Ничего не прояснил разговор Мыларщикова с Сериковым. Пришлось официально приглашать Батятина в свою боковушку. Лука Самсоныч прибыл как на праздник, вроде в церковь по случаю пасхи. Волосы на прямой пробор и смазаны маслом. Борода ухожена. Рубашка — черная косоворотка, а пуговицы белые. Пиджак расстегнут, а под ним жилет. Шаровары заправлены в хромовые сапоги с длинными голенищами, у коленей козырек. Ну и сапоги у Луки! Михаилу Ивановичу и во сне такие не снились. Это ради чего же он вырядился? Пыль в глаза пустить? Мол, во какой я — не посмеешь тронуть!

— Садитесь, гражданин Батятин.

— Благодарствую, — смиренно ответил Лука, усаживаясь.

Михаил Иванович поймал в его глазах настороженность. Батятин вздохнул — гражданином назвал его Мишка. Мальцом еще его помнил, а тут гражданин Батятин! Вроде и не сосед.

— Кудай-то вы это нарядились, Лука Самсоныч? Гадаю и понять не могу — вроде пасха прошла, а других праздников не предвидится.

— А у меня, дорогой соседушка, на душе благовест. Ничего, ежели я по-соседски?

— Валяйте!

— Смутная ноне зима-то была. Снег, почитай, выпал в октябре. Кажись, в октябре?
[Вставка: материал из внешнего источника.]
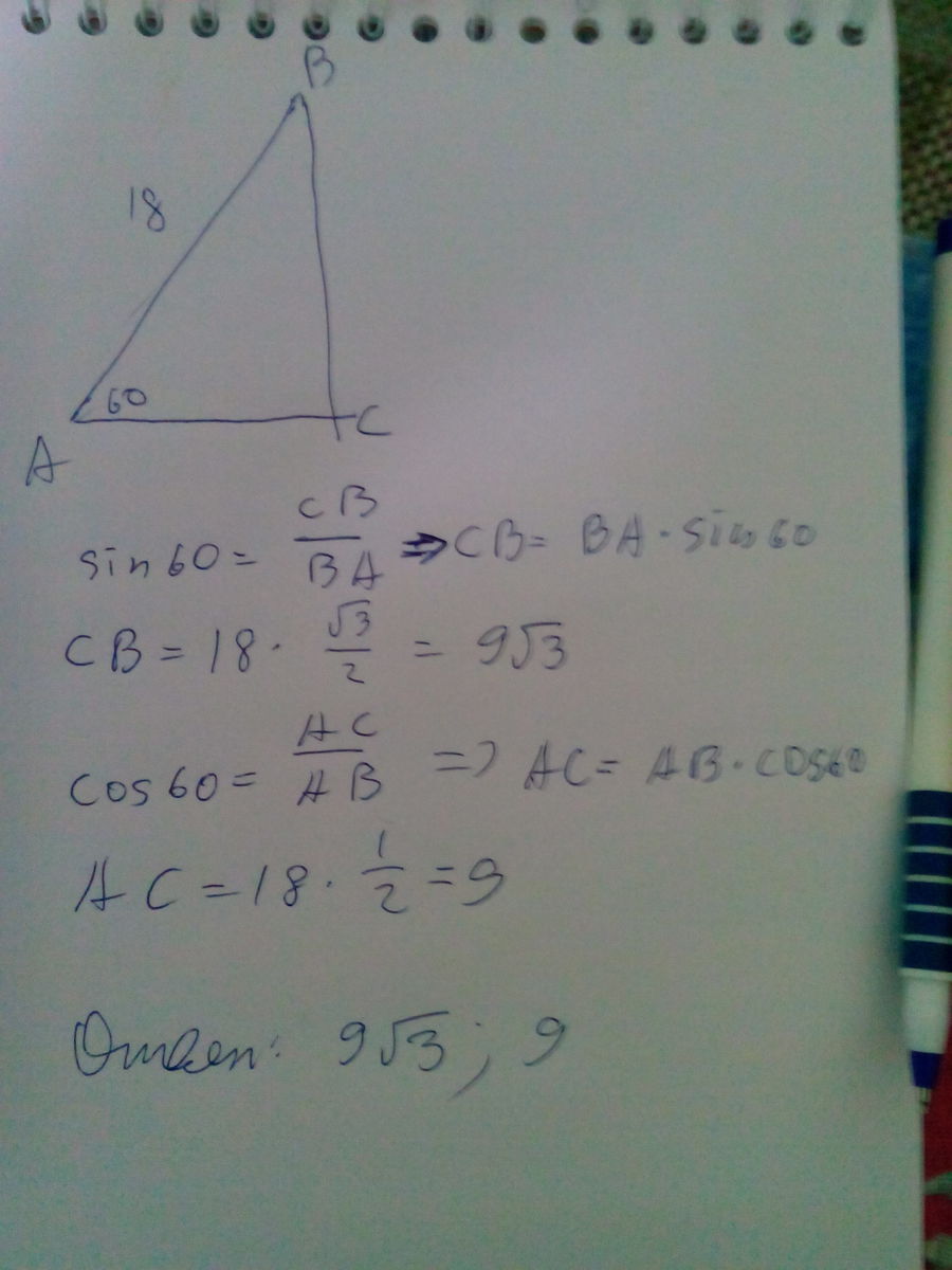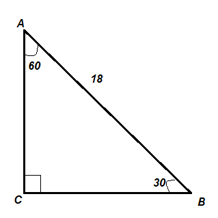 Дано: АВС - прямоугольный треугольник; Угол С =90 градусов. угол А = 60градусов. АВ = 18м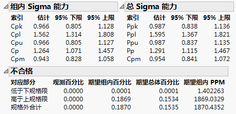 “过程汇总”报表显示了保存至“规格限”列属性的规格限。还显示了根据子组内变异计算的 sigma 估计值(组内 Sigma)与样本标准差给出的总估计值(总 Sigma)没有很大差异。因此,稳定性指标接近 1 (0.979268)。由于过程是稳定的,因此这是期望的结果。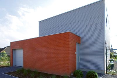 Tekst: <p>Cette maison, située dans le canton de Grevenmacher, s’ouvre avec son pignon vitré vers une grande terrasse et un accueillant jardin, situés parallèlement à la rue. Le maître d’ouvrage souhaitait une solution ‘douce’ comme paravent, c’est-à-dire une solution qui permettrait de conserver l’intimité privée entre la terrasse et la rue, mais sans donner l’aspect d’un mur séparatif austère et froid.<br>Le bureau d’architecture WeB a donc eu l’idée de réaliser un rideau en lamelles verticales avec une simple structure en acier, composée de 126 profilés en L (100 x 50 x 6 mm), laqués en couleur DB 703, d’une hauteur de 3 m. Sur une longueur d’environ 9,5 m, six éléments identiques et une double porte forment le paravent. Les six éléments sont miroités et tournés, ce qui donne un aspect et une forme légèrement ondulée. L’idée d’un rideau en acier est renforcée par les interstices variés qui laissent filtrer les rayons de soleil sur la terrasse. Les jeux d’ombre et de lumière donnent alors l’impression d’un voile flottant.</p>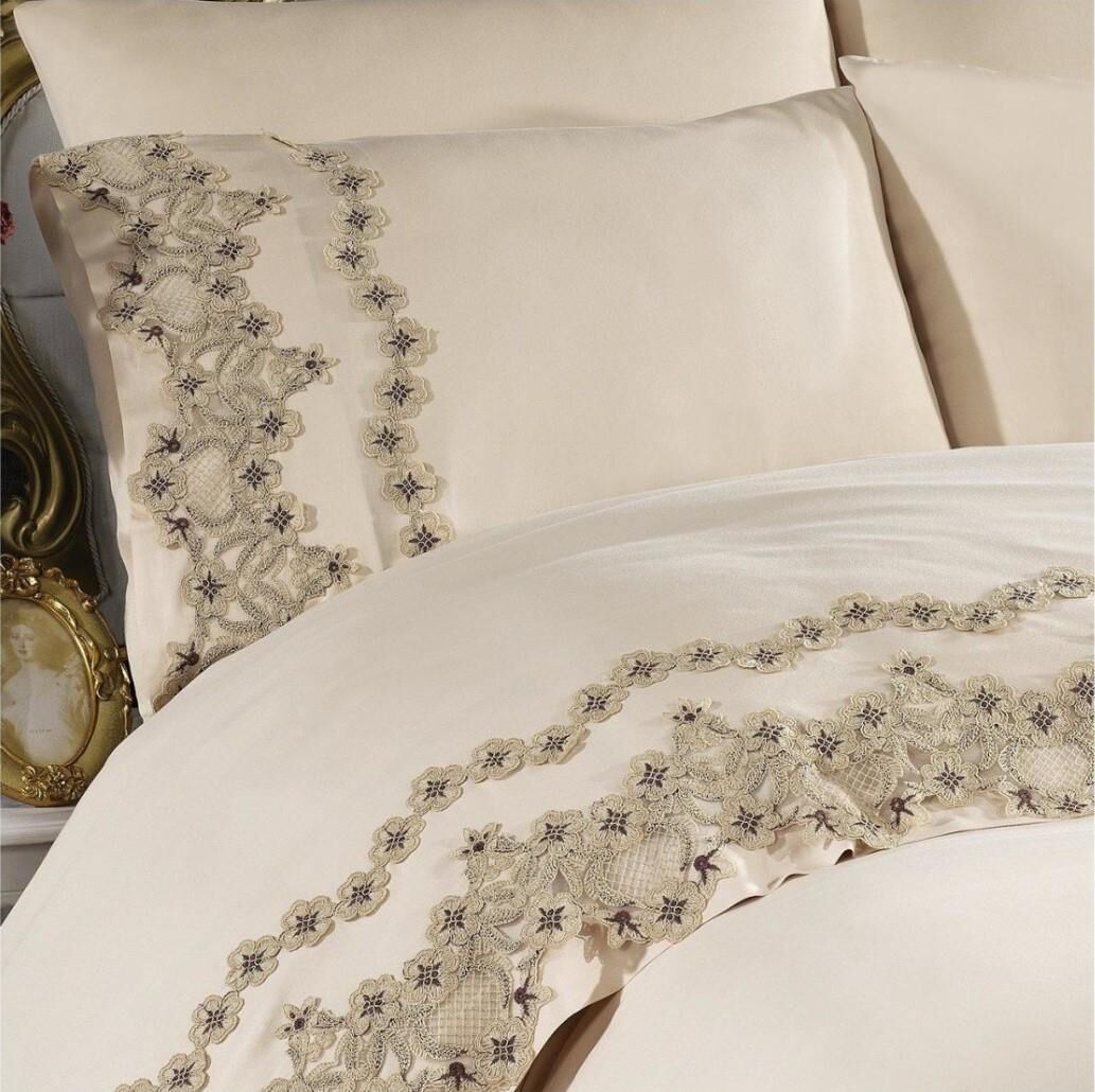 Nazik Home Elegance Dantelli Nevresim Takımı Bej CK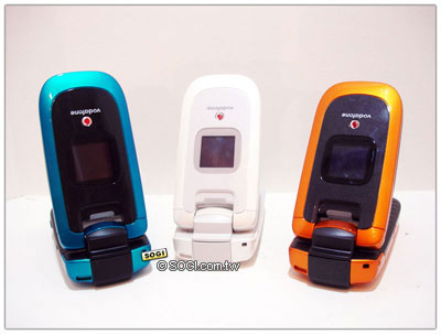 關於網路的設定方面,可以單設定在 3G 或是 GSM 或是開啟雙模的模式,是 Vodafone 手機一貫的設計,而手機內建有三種通訊功能:紅外線、藍芽以及 USB 連線,都是相當方便的功能。內建的主題共有四種,右圖為一開始所介紹的外星兔子乘涼系列。

— В октябре, — подтвердил Мыларщиков.

— Стужи да бураны и весна опять же припозднилась. И по-соседски — основы государства расейского потрясены. А новые еще поставить не успели. Боязно жить стало.

— Чего это вы испугались?

— Тебе вот не боязно — ты власть. У кого власти нет — тем боязно. Жизнь покатилась ни шатко ни валко. Да вот, слава богу, тепло наступило. Сердце радуется. Природа просыпается. Скворушки поют, воробьи чирикают. Теперь всякой малой радостью приходится пользоваться, потому как завтрашний день темен, аки ночь.

— Да полноте, Лука Самсоныч, это у вас-то ночь?
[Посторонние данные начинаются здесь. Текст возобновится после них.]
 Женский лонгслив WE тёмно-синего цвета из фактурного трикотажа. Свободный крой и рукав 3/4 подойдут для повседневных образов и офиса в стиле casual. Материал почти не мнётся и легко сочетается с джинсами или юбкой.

— Так не даете спокойно-то жить. Хотя бы взять тебя. Взял и пришел бы ко мне, самоварчик бы сгоношили, чайком побаловались, покалякали по-соседски. Милое дело! А то зовешь сюда, гражданином величаешь, а я привык на Луку отзываться.

— Да к вам как придешь-то, Лука Самсоныч? — улыбнулся Мыларщиков. — У вас во дворе не собака, а прямо медведь!

— На своих-то он смирный.

— Знаю я, какой смирный. Приходил к вам родич из Заречья, так я, грешным делом, поопасался за него — думал в клочья разорвет!

— Все видишь, на ус мотаешь. Жизнь-то пошла! Брат на брата, сосед на соседа. Мне еще бабушка покойница говаривала: «Запомни, Лука, сатанинские времена грядут, и поднимется сын на отца, жена на мужа, и наступит великий глад». Как в воду глядела, бабушка-то моя.

— А конец света она не обещала?

— Придет и конец света, не смеись. Все полетит в тартарары!

— Не поэтому ли так вырядились?

— Все равно пропадет, хоть поносить перед концом-то.

— Ну ладно, Лука Самсоныч, пошутковали и хватит. Тут еще сказочки про ад и чертей зачнете сказывать, совсем на меня страху нагоните и про дело могу забыть. А дело у меня пустяшное — кому это вы, Лука Самсоныч, с Ваньшей Сериковым золото отправили?

Батятин обиженно заморгал глазами:

— Господь с тобой, Михаил Иваныч? Какое такое золото?

— И слыхом не слыхивал?

— Не сойти мне с этого места! Вот те крест! — Батятин крупно перекрестился.

— Я так понимаю — Сериков сам поехал в Катеринбург.

— Пошто сам? Я этого не говорил. По моей просьбе поехал.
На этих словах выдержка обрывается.